Background technology
Build the steel plate (high-tensile steel) that pressure vessel, boats and ships and marine structure etc. are used, both required high-strength
Degree, requires that again the toughness (low-temperature flexibility) under low temperature and weldability are the most excellent.The most in recent years, go out from a security point
Send out, it is desirable to the more high tenacity under extremely low temperature.
In order to make the toughness of steel plate improve, the method doing one's utmost to control the addition of alloying element is advisable, but so, by force
Degree guarantee become difficulty.Otherwise, if add alloying element in order to ensure intensity, then toughness reduces on the contrary.So, intensity with
Toughness is contrary characteristic, makes both characteristics exist side by side extremely difficult.

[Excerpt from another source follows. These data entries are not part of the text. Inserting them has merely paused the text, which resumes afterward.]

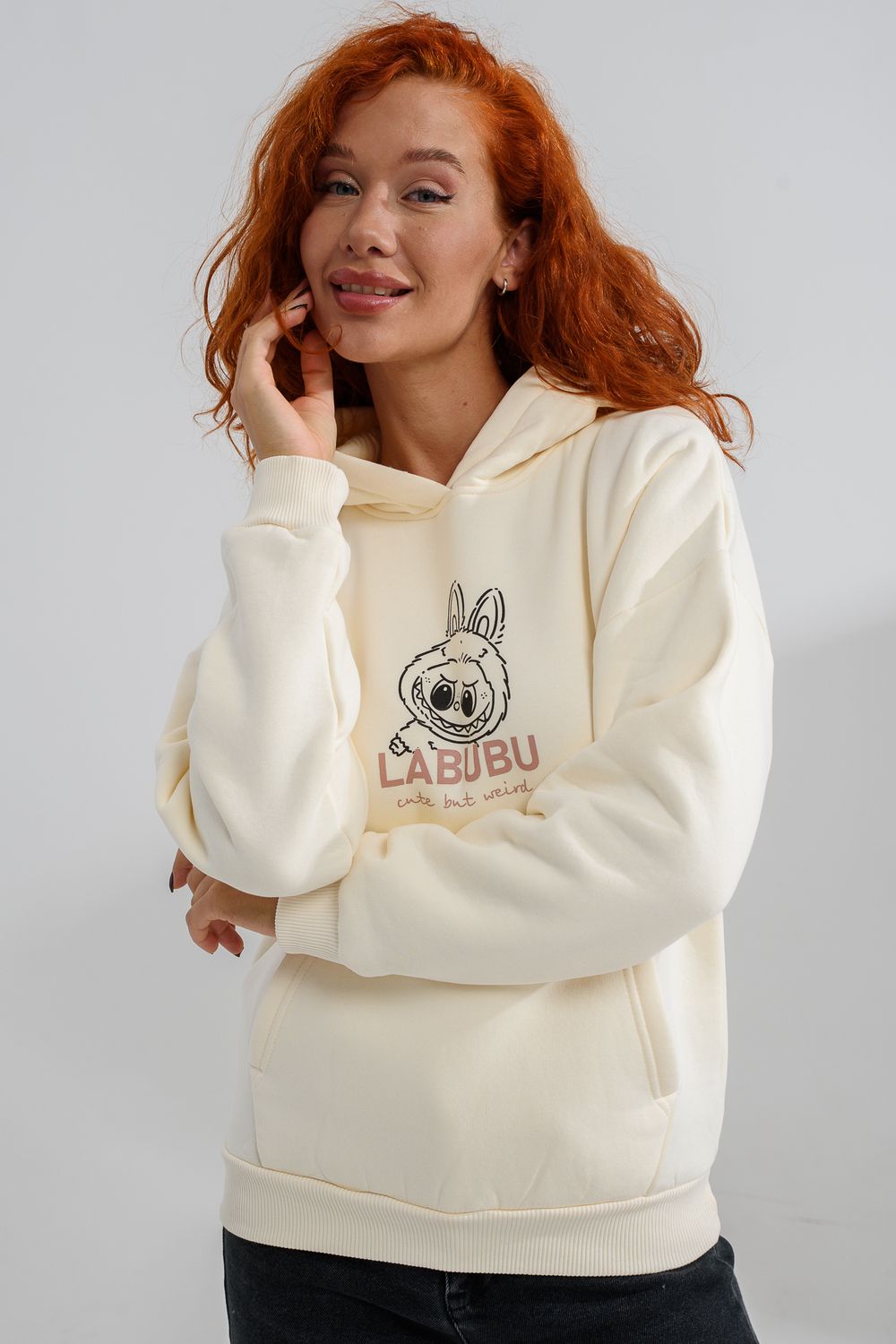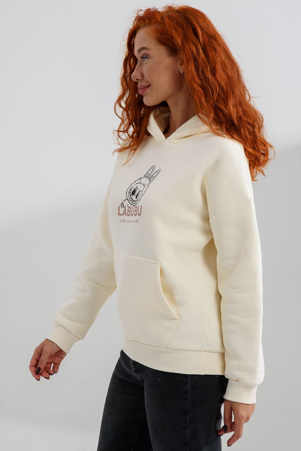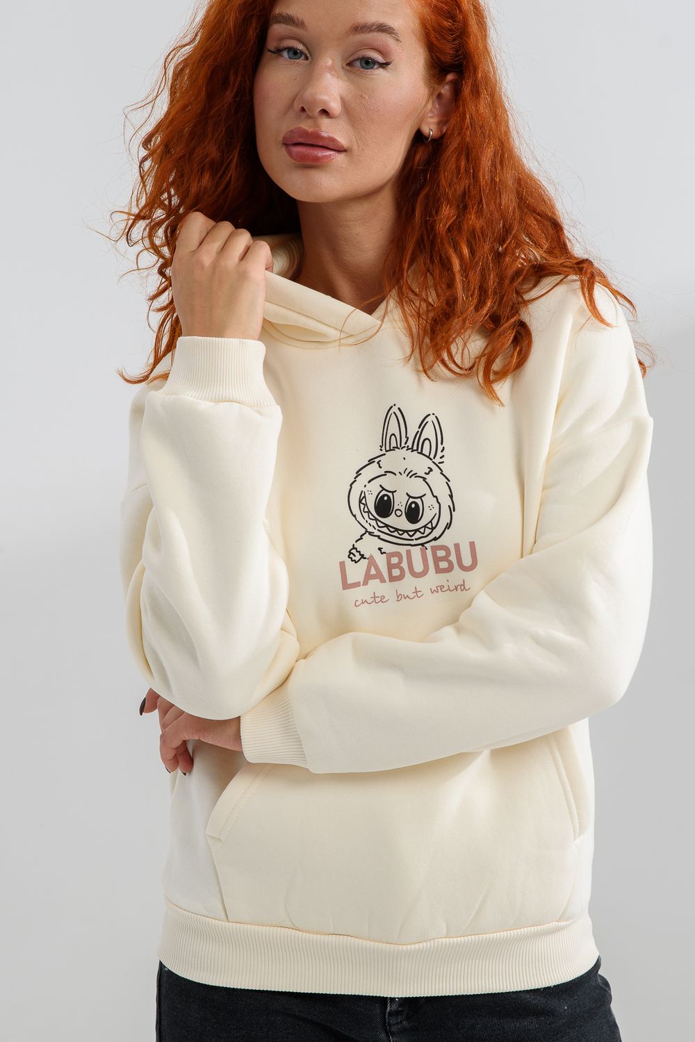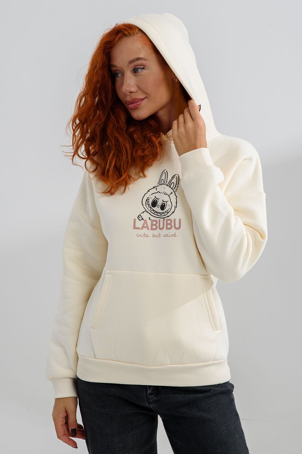 8565 толстовка женская оверсайз - молочный+лабубу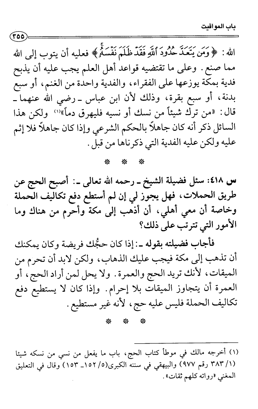(1) أخرجه مالك في موطأ كتاب الحج، باب ما يفعل من نسي من نسكه شيئاً (1/383 رقم 977) والبيهقي في سننه الكبرى (5/152- 153) وقال في التعليق المغني "رواته كلهم ثقات".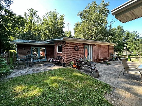 Lake Living! This contemporary-style, brick home sits on 8 acres with access to the 30-acre lake with dock. Outdoor activities are endless with fishing, hunting, a deer food plot and deer stands. The main level features a sunroom with skylights, french doors & gas stove. The step-saver kitchen makes cooking a breeze which opens to the large living room. The upper level features a master suite featuring a bathroom, walk-in closet, fireplace plus a private balcony overlooking the lake and the 2nd bedroom. The LL has the laundry room, full bathroom & bedroom. The bsmnt rec room is awesome! Some updates are: newer roof, AC windows, water filtration & pump, garage roof. Plus, there is a 24x40 heated/elec barn with concrete floor & 2 car gar.

As for making one of effective way that strength and toughness both characteristics of steel plate improve, can enumerate containing conduct
The method of the Ni of alloying element.The most a large amount of steel plates proposing to contain Ni, but practical situation such as 3.5%Ni steel, 9%Ni
As steel is representative, if containing Ni the most in a large number, then can not play this effect to greatest extent.In contrast, about containing 1
~the steel plate of a small amount of Ni of about 2%, such as being proposed by patent documentation 1, the most still can not meet low even if meeting high intensity
Toughness under Wen, it is difficult to simultaneously meet intensity and low-temperature flexibility.
Prior art literature
Patent documentation
Patent documentation 1: No. 3741078 publications of Japanese Patent No.
Summary of the invention
Invent problem to be solved
The present invention completes in view of such situation, its object is to, it is provided that though a kind of Ni content 2.0% with
Under, the high-tensile steel that still high intensity and low-temperature flexibility are also excellent, and useful for manufacturing such high-tensile steel
Method.
For solving the means of problem
The high-tensile steel of the present invention that can reach above-mentioned purpose is characterised by, contains C:0.03~0.09% respectively
(represent " quality % ", relate to below chemical composition all with), Si:0.05~0.35%, Mn:0.9~1.6%, P:0.01% with
Under (without 0%), below S:0.01% (without 0%), Al:0.01~0.06%, Ni:0.2~2.0%, Nb:0.007~
0.017%, Ti:0.007~0.017%, Ca:0.0005~0.003% and N:0.0025~0.0050%, surplus is by ferrum and not
Evitable impurity constitute, following (1) formula the CEQ (quality %) specified is more than 0.345 and less than 0.428, and by under
The σ that (2) formula of stating specifies is more than 2080, and the microscopic structure of t/4 (t: thickness of slab) position is the mixing of ferrite and pearlite
Tissue, the average equivalent circular diameter of described ferrite crystal grain is below 7.0 μm.Further, described what is called " average equivalent circular diameter ",
It it is the meansigma methods of the diameter (equivalent circle diameter) of the bowlder that ferrite crystal grain is converted into same homalographic.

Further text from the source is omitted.